> [EXERCISE OBJECTIVE]:
When you reach the line with "当晚20:00,郑成斌教授在" in the records below, begin transcribing exactly and continue up to and including the line with "Estudantes de Blumenau", leaving out every picture.

> [GIVEN DATA]:
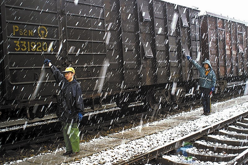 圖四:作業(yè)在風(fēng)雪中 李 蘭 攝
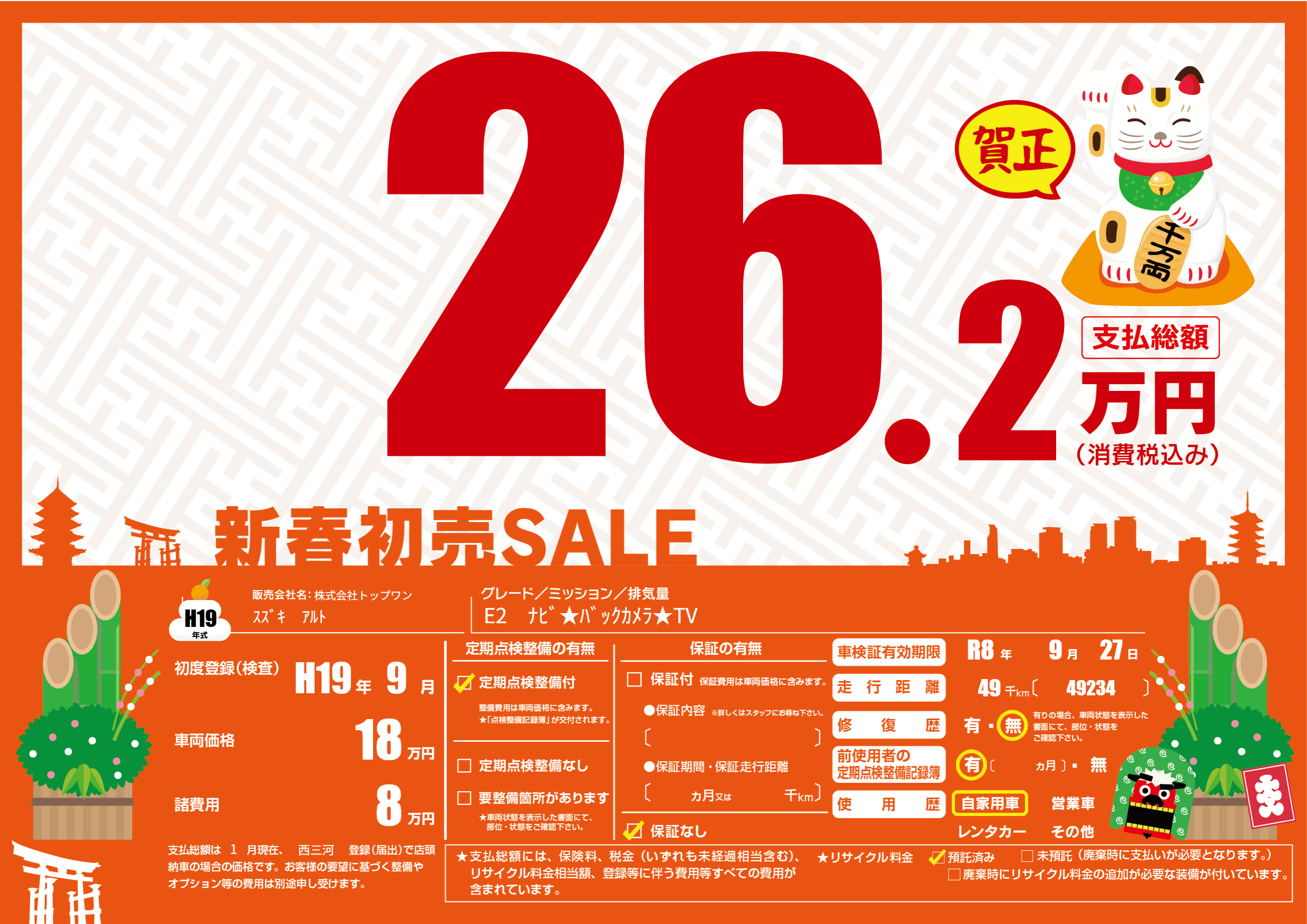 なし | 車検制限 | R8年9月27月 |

---

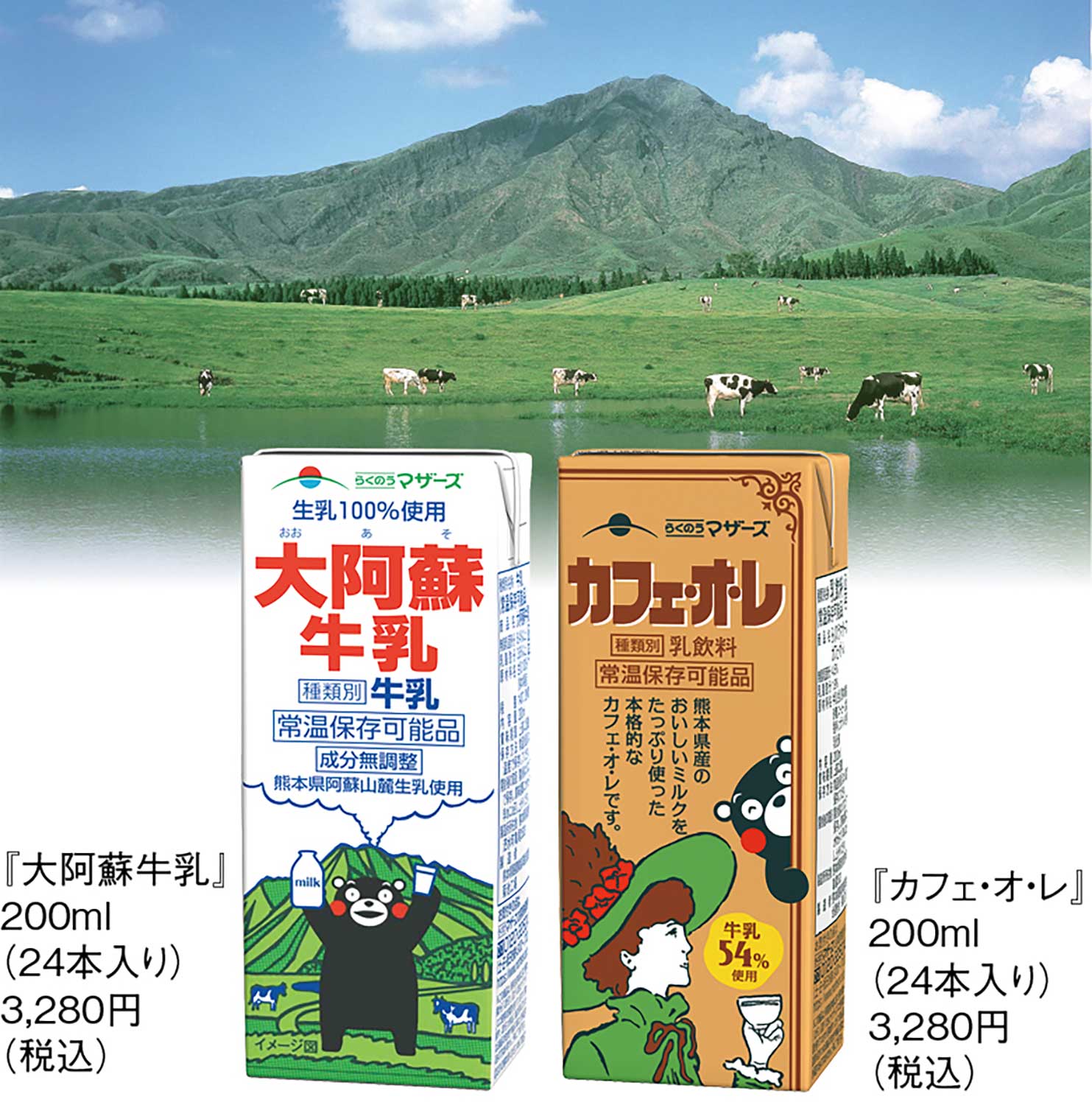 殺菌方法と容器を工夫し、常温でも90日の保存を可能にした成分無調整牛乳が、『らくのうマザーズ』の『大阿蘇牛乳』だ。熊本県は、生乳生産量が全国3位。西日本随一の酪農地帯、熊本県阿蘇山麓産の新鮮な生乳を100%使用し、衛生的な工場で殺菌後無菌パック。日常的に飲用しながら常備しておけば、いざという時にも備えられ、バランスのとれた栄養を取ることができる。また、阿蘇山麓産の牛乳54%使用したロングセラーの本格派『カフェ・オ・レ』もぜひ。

---

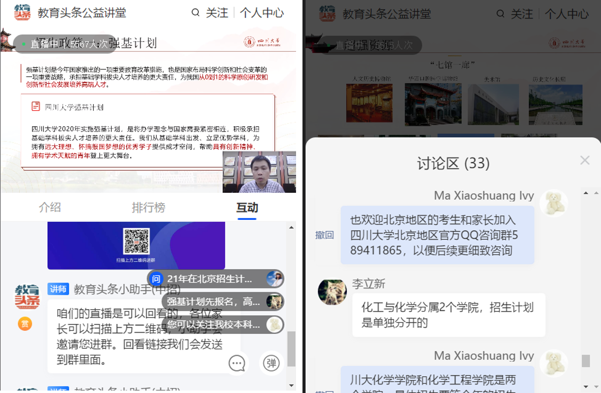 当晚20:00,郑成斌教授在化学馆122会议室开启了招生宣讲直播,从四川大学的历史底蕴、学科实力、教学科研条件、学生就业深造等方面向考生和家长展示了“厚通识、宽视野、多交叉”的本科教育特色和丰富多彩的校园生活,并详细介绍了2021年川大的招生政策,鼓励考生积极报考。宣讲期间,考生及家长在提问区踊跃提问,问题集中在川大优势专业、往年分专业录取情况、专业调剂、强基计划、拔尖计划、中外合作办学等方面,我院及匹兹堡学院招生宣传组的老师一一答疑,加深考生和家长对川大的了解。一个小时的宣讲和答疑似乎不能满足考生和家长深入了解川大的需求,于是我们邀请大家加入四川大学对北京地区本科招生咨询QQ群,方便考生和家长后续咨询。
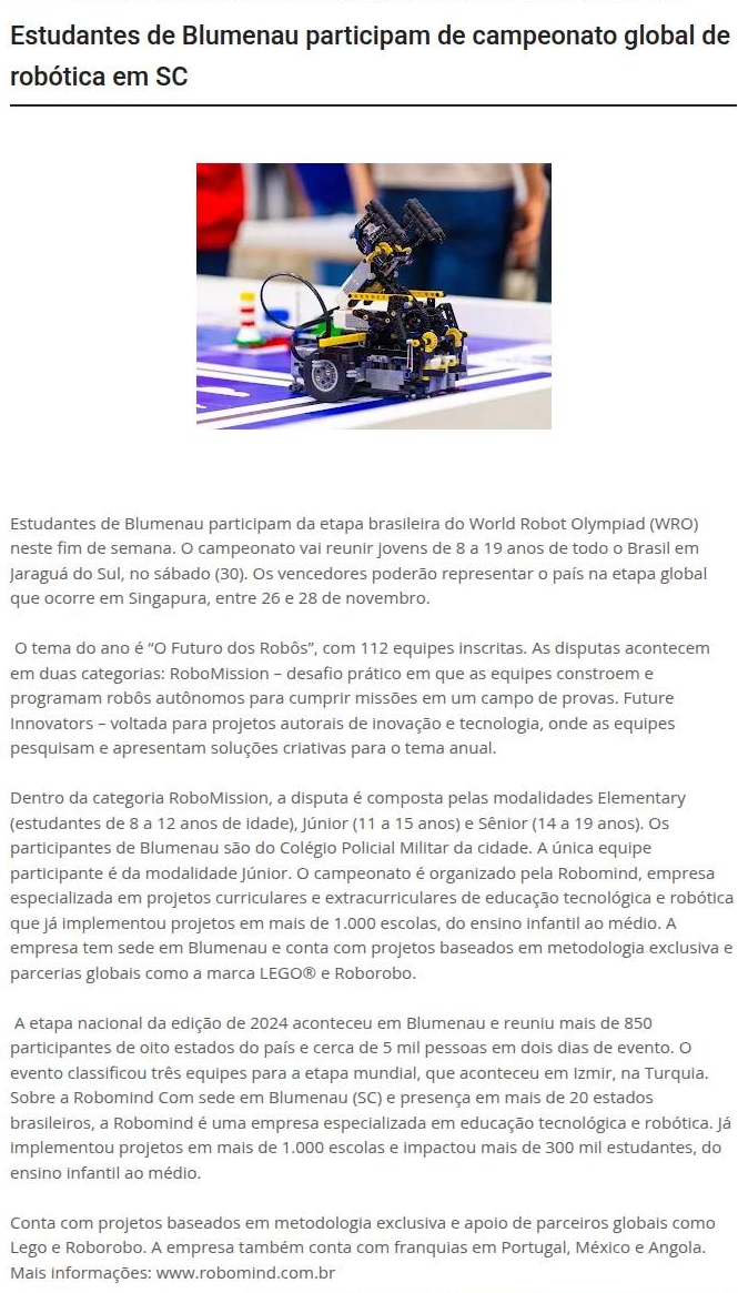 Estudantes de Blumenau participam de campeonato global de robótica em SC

> [EXERCISE OUTPUT]:
 当晚20:00,郑成斌教授在化学馆122会议室开启了招生宣讲直播,从四川大学的历史底蕴、学科实力、教学科研条件、学生就业深造等方面向考生和家长展示了“厚通识、宽视野、多交叉”的本科教育特色和丰富多彩的校园生活,并详细介绍了2021年川大的招生政策,鼓励考生积极报考。宣讲期间,考生及家长在提问区踊跃提问,问题集中在川大优势专业、往年分专业录取情况、专业调剂、强基计划、拔尖计划、中外合作办学等方面,我院及匹兹堡学院招生宣传组的老师一一答疑,加深考生和家长对川大的了解。一个小时的宣讲和答疑似乎不能满足考生和家长深入了解川大的需求,于是我们邀请大家加入四川大学对北京地区本科招生咨询QQ群,方便考生和家长后续咨询。
 Estudantes de Blumenau participam de campeonato global de robótica em SC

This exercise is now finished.